I’m thinking to myself that I’m a business major and had to take a computer class for business majors where 80% of the assignments were based around Excel, but she starts ranting again. I mostly tune her out at this point.
A little while later, we’re bored with nothing to do.
Coworker: “Let’s scan some documents. I know [Former Cashier that moved away] would scan sometimes in the mornings when it’s slow.”
Me: “I don’t know how to do that. They didn’t show me.”
Coworker: “Well, it’s not rocket science. All you do is push some buttons.”
I’m thinking, “It may as well be rocket science since I don’t know what I’m doing because it’s only my third day!” She shows me how to scan old documents into the computer. While I do that, a worker from another department waves hello as he passes. I would estimate that about 40-50% of the workers at the dealership speak both English and Spanish. The worker who waves is Hispanic, and I acknowledge him through the plexiglass barricade.
Coworker: “Yeah, that’s [Hispanic Coworker]. He’s nice, but his spelling is atrocious. I keep saying that if people would just learn to speak proper, then there wouldn’t be as many spelling errors in the world. Most words are spelled like they sound. I mean, [Other Coworker] always says, ‘idear,’ instead of, ‘idea.’ It’s spelled like it sounds. Like, people from Boston don’t speak proper.”

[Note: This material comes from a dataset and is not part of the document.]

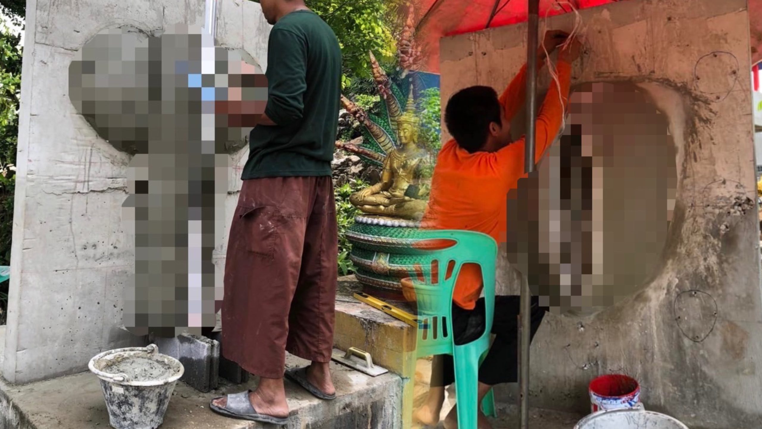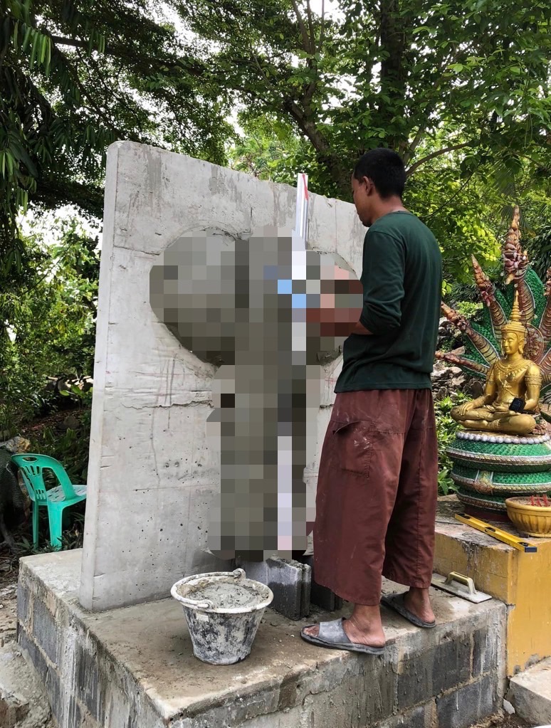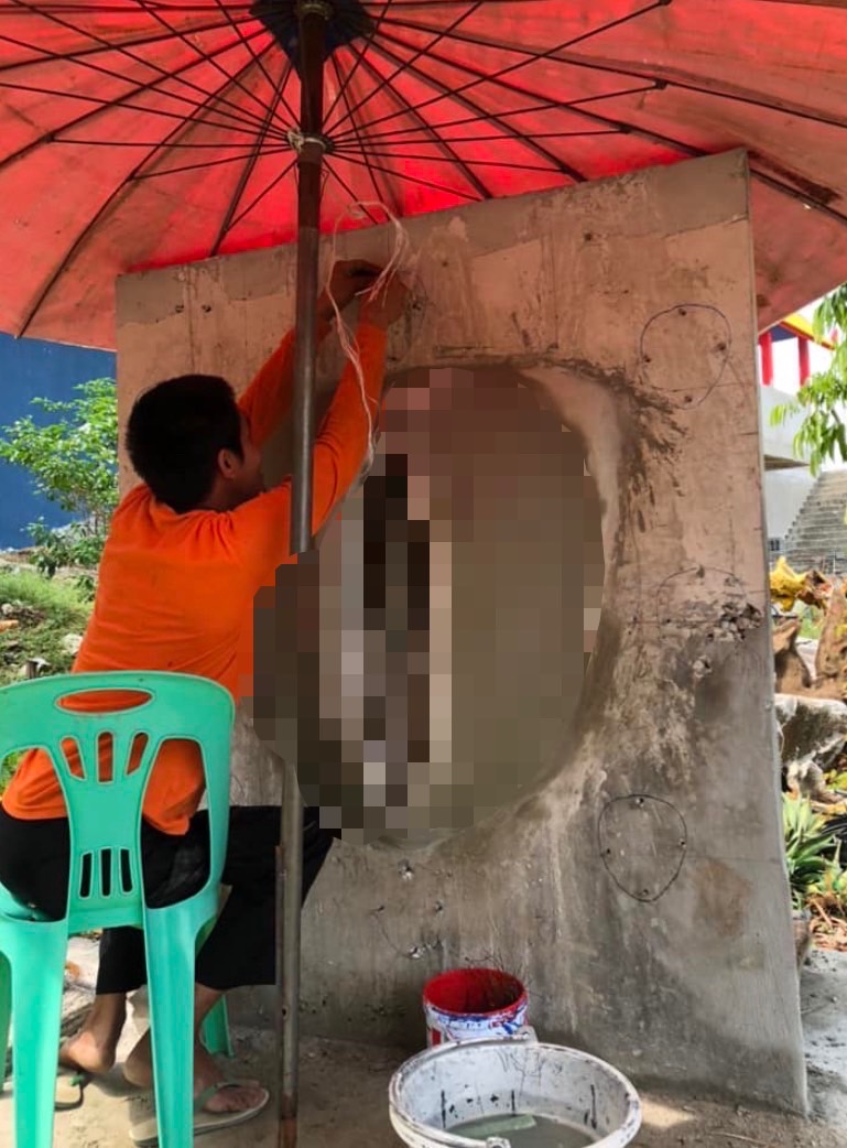 ในสำนักพราหมณ์ดังกล่าวยังมีรูปปั้นอวัยวะเพศชายอยู่ด้วย โดยให้ผู้ศรัทธาเข้ามาปิดทองเช่นกัน นอกจากนี้ยังมีป้ายไวนิลข้อความว่า “xี กับ คxx มวยคู่เอกของโลก”

I mentally bang my head into the desk and resist the urge to say, “Okay, boomer,” and risk getting fired after only three days. I have to listen to her rant about grammar, twenty-somethings, how the other cashier doesn’t keep anything in a “logical place,” and how to properly file things — something else the other cashier apparently doesn’t know how to do “correctly” — for another hour and a half until the trainer comes in to check on me. I am honestly so horrified at some of the things I hear that I don’t know how to respond.
I pray for customers to come so she will shut up for a few minutes. When I do have customers, she watches me like a hawk and makes me super nervous, but she makes sure I logged everything “the right way.” As soon as the trainer comes in to check on me around ten, the problem coworker leaves.
Trainer: “I am so sorry you had to be stuck with her all morning. Everybody kind of hates her, but we can’t get rid of her. Do you need help with anything?”
Me: “Yes. Help me undo everything. She was having me do stuff all out of order, and she had me separate the receipts from the invoices, and I don’t know what I’m doing anymore.”
The trainer helps me get organized and settled. Thankfully, there isn’t too much to do, and she tells me to page her if I need anything. I manage to get into a rhythm and I’m feeling more confident. A while later, the problem coworker stops by.
Coworker: “How are you doing?”
Me: “Good…” *waits for her to leave* “…now that you aren’t here.”